С дворкинской мачехой обе так и не повидались – Моисей был против, несмотря на деликатный призыв самой Анны Альбертовны к установлению мирного контакта. Однако он каждый раз просил её уйти из дома на время этих родственных визитов, чтобы никоим образом не случилось пересечься.

– Такой удобный мир пойдёт лишь на пользу всем, – уговаривала его Анна, осуждающе качая головой. – Обе твои барышни, Моисей, не настолько дурны характером, чтобы ты меня от них прятал. Или же, возможно, ты меня стесняешься? – лукаво добавила она.

– Вы, Анна Альбертовна, просто не знаете, с кем имеете дело, – не уступал Моисей Наумович. – Обе они некая отдельная женская и даже больше того – человеческая популяция, имеющая в основе своей общепринятую, на первый взгляд, ветвь развития, но на деле изначально произрастающая с уже заведомой нелюбовью к людям. Во многом виной тому сама наша система, уродская и презирающая человека в целом, не уважающая никого и оттого перманентно унижающая личность. А со временем это стало для неё любимым занятием. Но главное состоит в том, что отдельные, когда-то униженные ею индивиды, вполне себе выжившие и даже некоторым образом приподнявшиеся над остальными, становятся точно такими же. Некоторые – вынужденно, другие – с удовольствием. Собственно, о них и речь. Обе мои, как вы выразились, барышни – как раз из других, плоть от плоти. Но это выползает не сразу, а лишь со временем: когда у них появляется минимальная власть и первые подлые деньги.

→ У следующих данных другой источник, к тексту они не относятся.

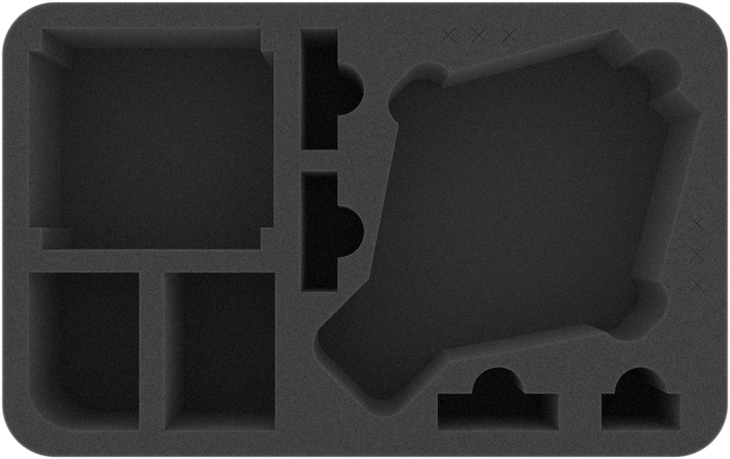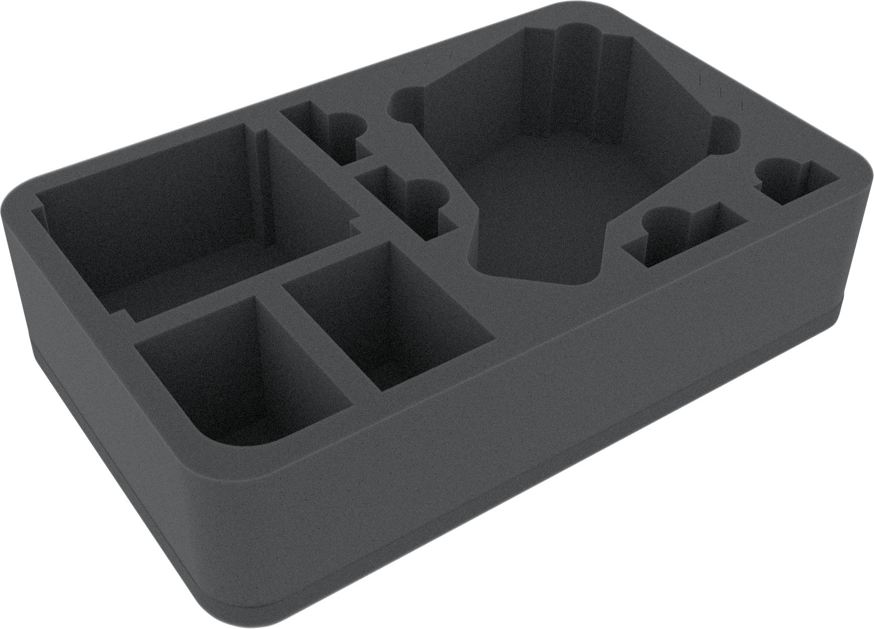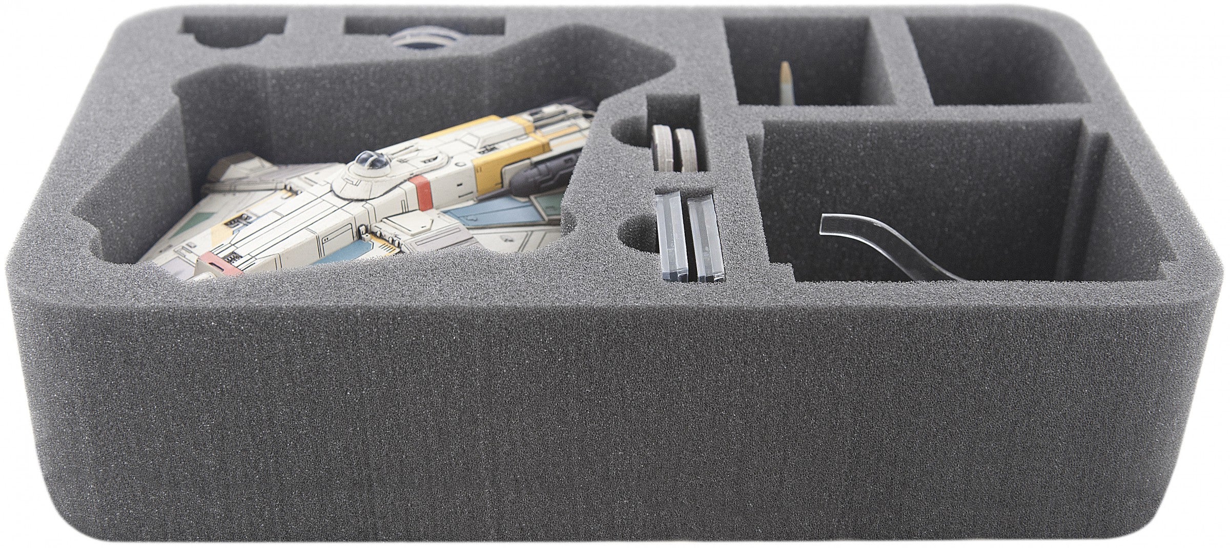Esta bandeja de espuma Feldherr Half-Size fue diseñada especialmente para el Star Wars X-Wing Ghost. Un modelo del VCX-100 puede almacenarse y transportarse de forma segura con este inserto. Además, puedes poner hasta dos púgiles. Por supuesto, la bandeja de espuma también ofrece espacio para los accesorios. El soporte de la base se puede hundir en las ranuras transversales designadas.
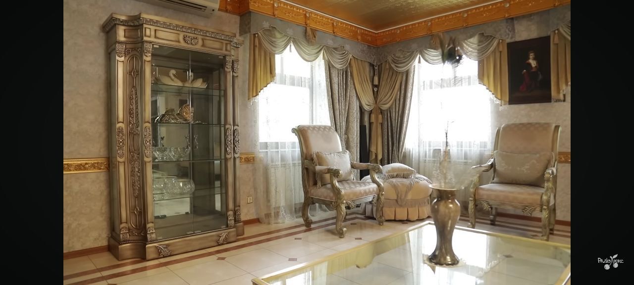 У кімнатах маєтку багато золотих і розкішних деталей, привезених з-за кордону. Не виняток і гостьова, розташована на другому поверсі, передає 24 Канал із посиланням на "По хатах".
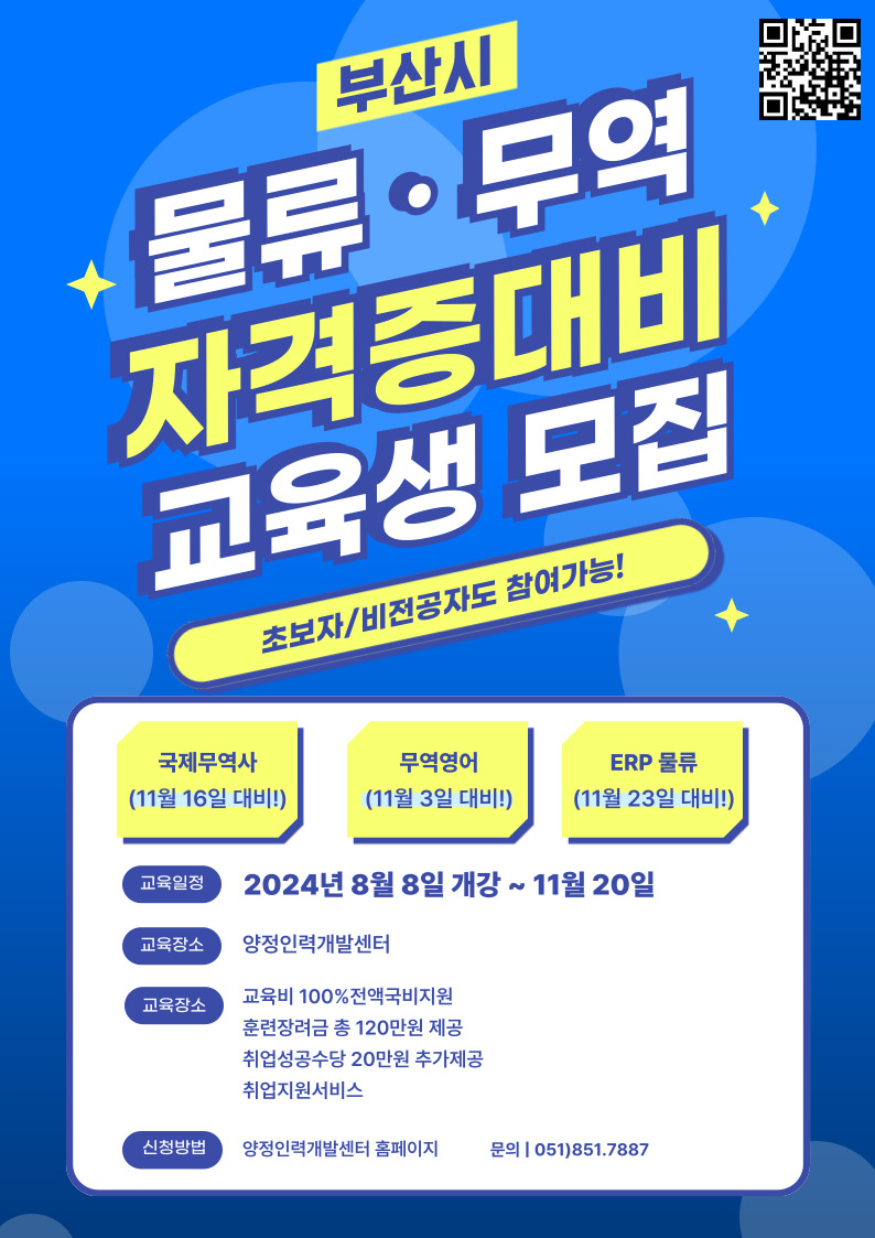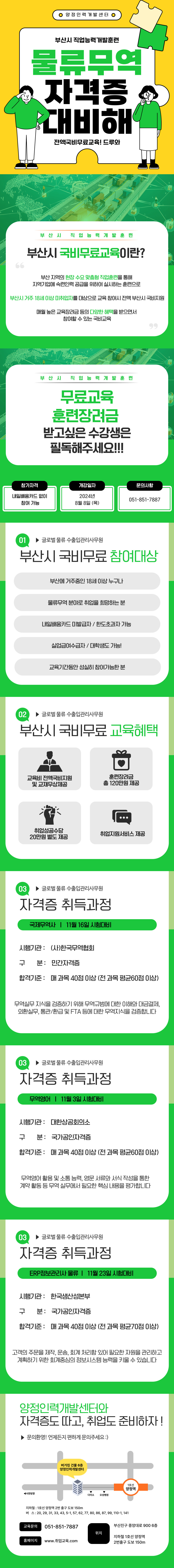 - 국제무역사, erp물류, 무역영어, 물류관리사 등의 자격증대비 교육
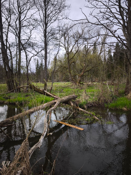 Первый КП был недалеко. Походив радом с точкой и не найдя его, попросили помощи у местных жителей. Мужчина, удивившись что КП стоит в соседском огороде, провел нас к нему. Отметившись, пошли ко второму КП. Раздвоенная сосна. На месте вырубки. Проходив по лиственному хмызняку минут тридцать, решили пересмотреть карту и уточнить точку относительно другого КП. В итоге, сместившись метров на пятьсот, увидели. Раздвоенные сосны. Сразу три. В болоте. Необходимая нам сосна была вторая. Отметившись на втором КП, проложили маршрут к третьему. Разрушенная дамба в восьми километрах.
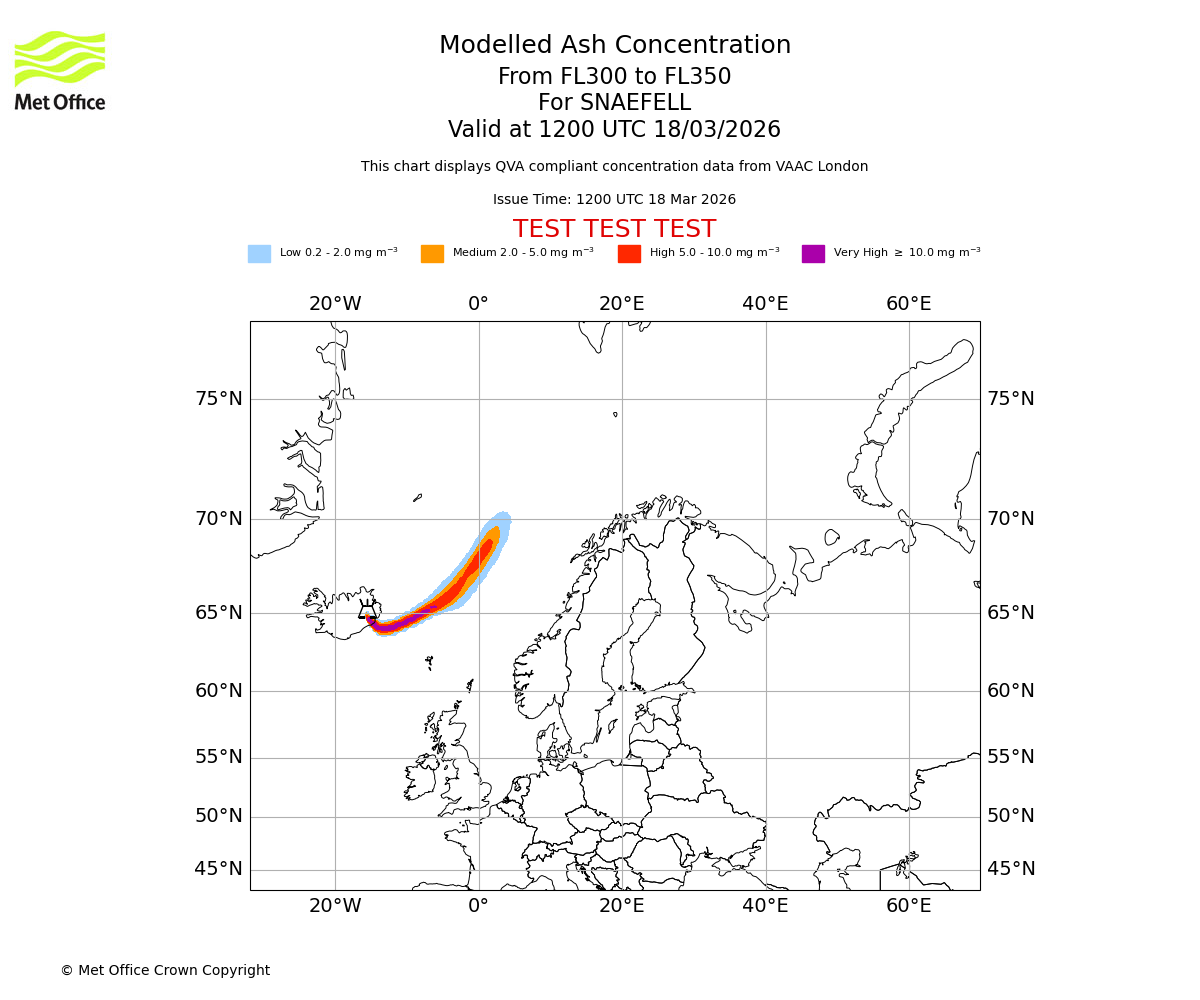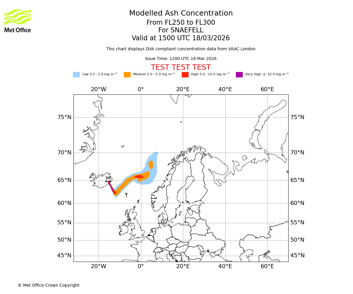 Modelled ash concentration from 250 to 300 for SNAEFELL. Valid at 1200 UTC 18/03/2026
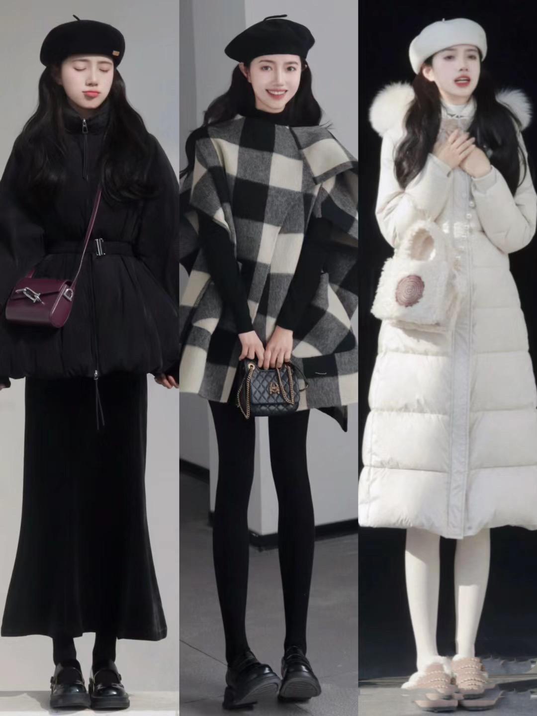 黑色系的羽絨服、比較寬鬆舒適的款式,可以配高腰的A字形半身裙,優雅浪漫又充滿了時尚風情。以亮色系的內搭進行疊穿,配高腰的A字形半身裙,溫柔又大方。
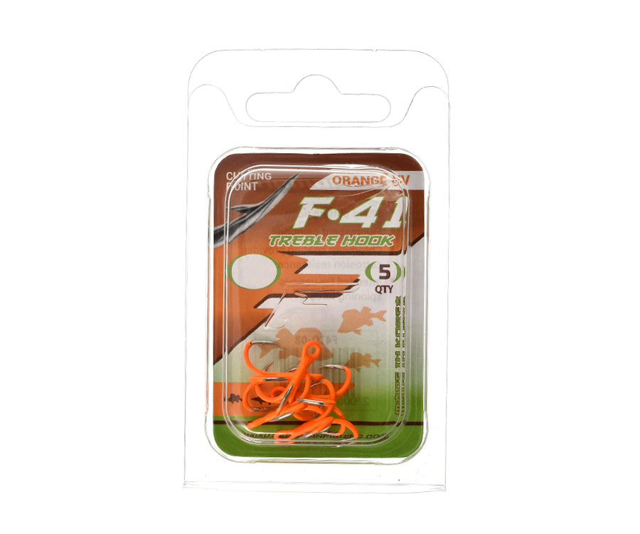 Flagman Treble Hook F-41 Orange UF – серія класичних потрійних гачків, які виготовлено в Кореї. Трійники Flagman F-41 мають найвищу якість і відповідають найжорсткішим вимогам сучасної риболовлі. Для цих гачків характерні коротка цівка, округлий загин, високоякісне антикорозійне покриття (хромування), флуоресцентне фарбування, що світиться в ультрафіолеті, а також загнуте всередину надгостре жало із заточенням Needle Point, яке гарантує надійне засікання риби. Форма Flagman Treble Hook F-41, пронизливі жала й чіпкі борідки зводять нанівець можливість сходу риби під час виважування. Розмірний ряд гачків дає змогу легко підібрати оптимальну модель практично під будь-яку спінінгову приманку.
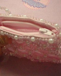 [商品説明] プリンセスの衣装には欠かせないサテン地とビーズのパーティーバッグ。
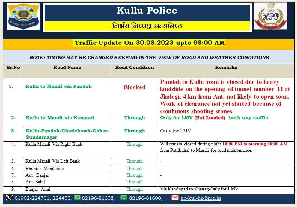 कुल्लू अपडेट , कुल्लू-मण्डी वाया पडोंह सड़क झलोगी के पास टनल नम्बर 11 के पास land slide होने के कारण बंद हो गई है। लगातार पत्थर गिर रहे हैं जिस कारण सड़क बहाली का कार्य अभी शुरू नही हो पाया है। कुल्लू-मण्डी वाया कमांद सड़क छोटे वाहनों के लिए बहाल है । लेकिन सड़क की स्थिति बेहतर न होने के कारण इस मार्ग से केबल छोटे और खाली वाहनों को ही भेजा जा रहा है । कुल्लू से मंडी वाया चैलचौक भी हल्के वाहनों के लिए खुल चुका है | उपायुक्त कुल्लू और कुल्लू पुलिस के द्वारा लोगो से अपील कि गयी है की अभी भी बहुत से लोग दोनों ओर फंसे हुए है इसलिए केवल जरूरी होने पर ही यात्रा करें अन्यथा अपने अपने घरों में सुरक्षित रहें |
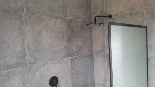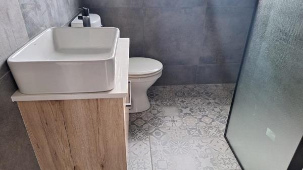 The bathroom is newly refreshed with a modern hand basin, toilet, and a walk-in shower for a crisp, contemporary feel.
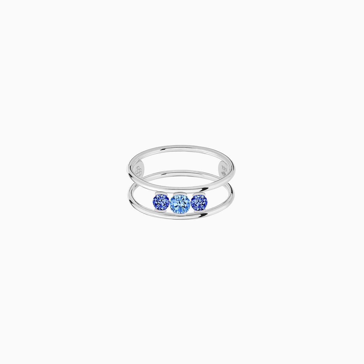 Two white gold rings set with a trio of sky-blue and deep-blue sapphires weighing a total of 0.45 carats.

В делах, разговорах и очередных мучительных раздумьях на тему совершённого им убийства Моисей едва не упустил из виду надвигающийся День Победы. Зная отношение пасынка к этому событию, Анна Альбертовна заранее отутюжила ему парадный костюм и тщательно натёрла бархоткой орденские планки. Она гладила, а он смотрел на вторую по счёту брючину, приобретающую на его глазах калёную стрелку, и думал о том, что ему, убийце безвинного композитора, идти на самый большой и святой праздник означает просто харкнуть зловонной жижей непосредственно на память погибших, героев и не героев – всех тех, кто мог жить, но больше не жил, пав от руки такого же, как и он, подлого человека, в чьих руках оказался убивающий насмерть предмет. Цели были разные, но итог одинаков: все люди есть убийцы других людей, и он в их числе, но только ещё хуже, потому что его цель оказалась пустой, а сам он – ничтожество, не давшее себе труда выявить все обстоятельства до конца. За те десять месяцев, минувшие со дня смерти Глеба Капустина, он снился ему не раз. Обычно композитор являлся под утро: во всём чёрном, как был на той панихиде, и имел при себе рояльные клавиши. Вежливо здоровался, отвернув глаза, после чего деловито раскладывал на гостином ковре клавиши в рядок, как надобно для фортепианной игры, и далее исполнял произведения по списку, тому самому, что последовательно звучал в первом просмотровом зале. Начинал всегда с Шопена, за Шопеном следовал Бетховен, а уже за ним, почти без всякого перехода, Верди. Перед тем как исчезнуть, неизменно извлекал из ковровых клавиш печальные звуки восхитительного Альбинони. На самого хозяина спальни Капустин не смотрел, будто Моисей, как и сам он, был не живой и даже не существовал в соседнем измерении. Этот Глеб просто отводил глаза и сосредоточивался на игре, игнорируя собственного убийцу. Говорят, смерть не наступает случайно – ни по совпадению, ни по ошибке. Как нет и человека, свободного от вины. Тогда кто же это начертал, кому, для чего и на каких отмороженных небесах понадобилась гибель милейшего и невинного человека, думал Моисей Наумович, следя за тем, как мёртвый Глеб Капустин выводит пианистические пассажи в погребальном произведении для одного живого, одного мертвеца, клавира и напольного ковра. Или же этот неконкретный Бог нашёл для себя виновного как раз в нём, и кто бы знал, отчего он решил именно так.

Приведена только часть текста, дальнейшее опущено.